Instrumental variables:Migration network, Share of male/female in 16-39 age groups at household level, Relation of the migrants with household head

  • In rural Bangladesh, over half of the households are functionally landless and the migrant-households are economically better positioned.
  • Internal migration flow is higher from the West and international migration is higher from the East.
  • Food insecure or poor are not more prone to migration.
  • The migrants tend to concentrate to capital city and district headquarters.
  • The young people (aged 15-29 years), males and sons/daughters of the household heads are more exposed to rural-urban migration.
  • Temporary migration dominates over other types of migration and independent/single migration over family migration.
  • Literate people are more prone to permanent migration and illiterate people are more prone to temporary migration.
  • Type of migration from food insecure households significantly differs from that from food secure households.
  • Poverty, unemployment and poor educational facilities are found out as the main push factors. In contrast, better employment opportunities, better schooling, and wage differentials are sorted out as the main pull factors.

About three-fifths of the migrants sent remittances (average amount of Tk.38397) and household heads mainly decide to utilize remittances.

  • All the estimates of food insecurity indicate that non-migrant households are more vulnerable to food insecurity. The estimates also show that the migrants at destination are significantly less food insecure than their origin counterparts.
  • Reliance on less preferred and less expensive food items and purchase of food on credit are explored as the top coping strategies of food insecurity.
  • Landholding, occupation and education of the household head, debt status, location, dependency ratio, family size and household headship are determined as predictors of household level food insecurity.
  • Perception-based estimates on change pattern of some socioeconomic indicators reveal that migration puts mixed impact with positive net impact.
  • NELM-models determine that rural-urban migration exerts significantly positive impact on food security through different dimensions.
  • The major findings covered by the review of Asian literature are corroborated by the findings of the present study.
  • Improve educational facilities for quality education in rural areas, which matches the skill needs of rural labour markets including vocational and training facilities.

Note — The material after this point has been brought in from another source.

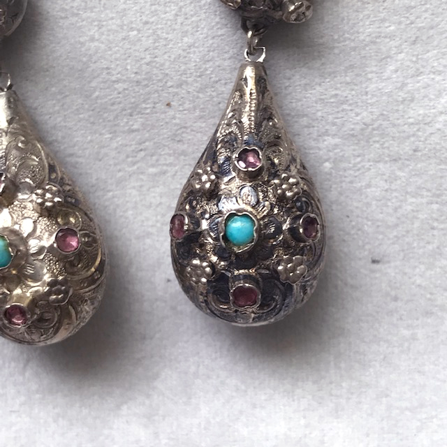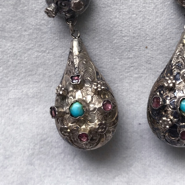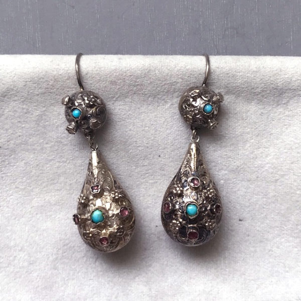 AUSTRO-HUNGARIAN Renaissance inspired turquoise and garnets earrings in an 800/1000 silver settingThe silver has lovely designs on all the sides, and the two pieces on each earring allows extra movement. View View View Product #42296 All items in excellent vintage condition unless otherwise noted.

  • Promote programmes to enhance more and better opportunities for employment and entrepreneurship development in rural Bangladesh to provide alternatives to distress rural-urban migration, especially for youth.

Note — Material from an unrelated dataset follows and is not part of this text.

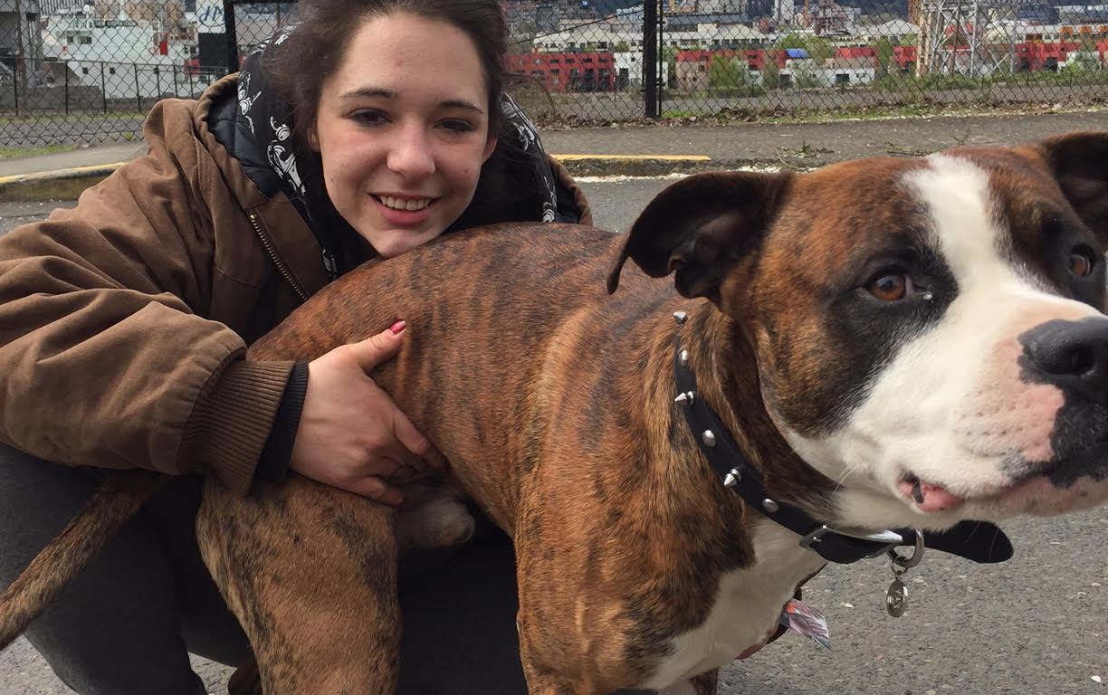 Emma Christensen, 27, walking with her pit bull, Prince, near the east end of the Steel Bridge, where she’s lived the last three years, said she had a miscarriage four months ago. Yet she said she spent less than eight hours at a local emergency room before leaving because staff were disrespectful towards her.

  • The Government should also invest in better labour market information systems and job information services so that youth can access to better jobs and undertake migration in a more informed manner.
  • Actions to prevent and eradicate child labour, especially its most hazardous forms, with particular attention to unaccompanied child migrants.

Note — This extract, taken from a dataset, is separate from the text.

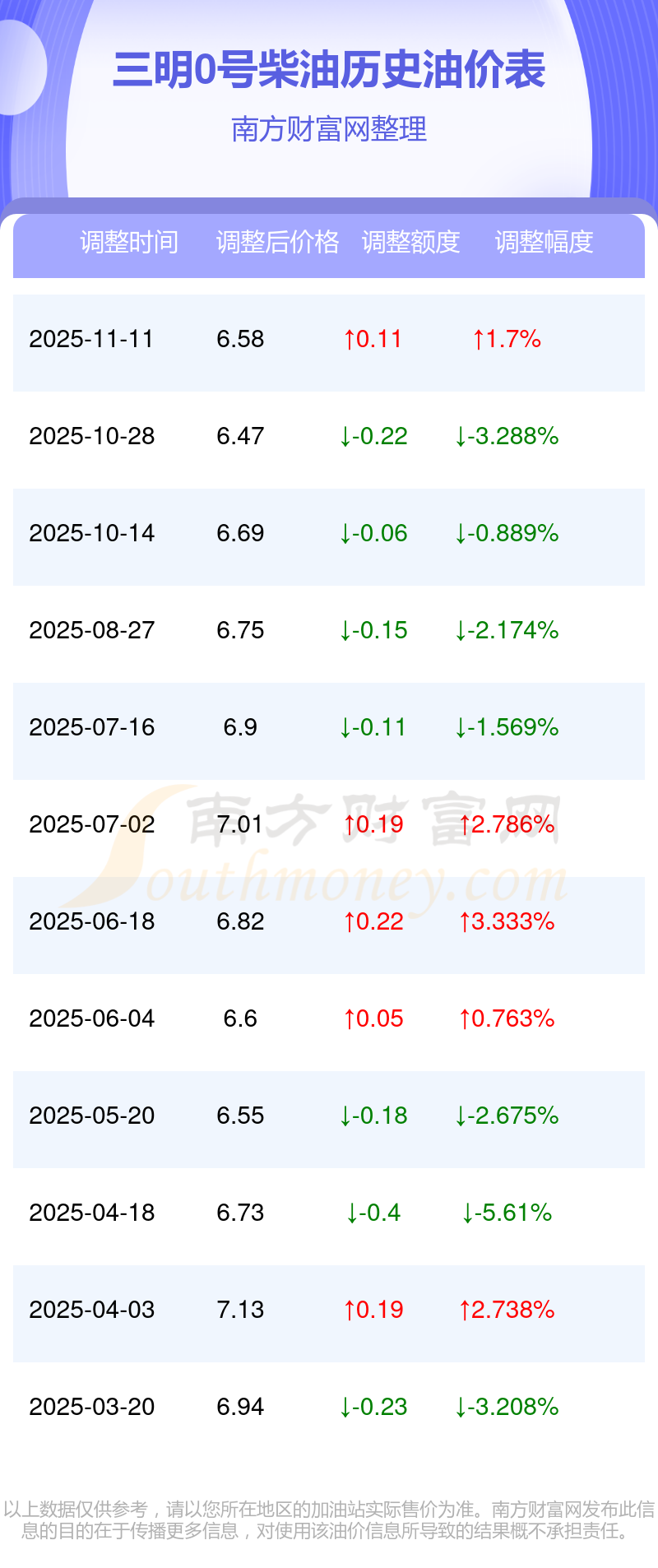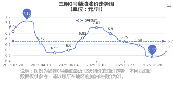 三明0號柴油歷史油價表

  • Decentralize both administrative and developmental activities to discourage the concentration of rural-urban migration to capital city in particular and other big cities in general.
  • Local government should make proper arrangements for safety and security in rural areas for a sound environment to make rural stay hassle and anxiety free to discourage rural-urban migration and encourage reverse migration.
overall message of the study
Overall Message of the Study
  • The study explores that different kinds of adversity at origin compel a stipulated section of rural population to strive for migration to urban end where different kinds of prosperity attract them.
  • Different impact determining analyses based on descriptive, perception-based and model-based estimates identify that impact of rural-urban migration is significantly positive on food security in particular and overall living condition in general.
  • The majority of the findings of the present study are found to be aligned with those extracted from the review of literature, particularly on Asian countries.
  • One final message is that since migration is a revealed preference of the migrants, it cannot be stopped; rather, the policy-makers can make policies to better manage migration flows by providing support to leverage the opportunities arising from migration and remittances.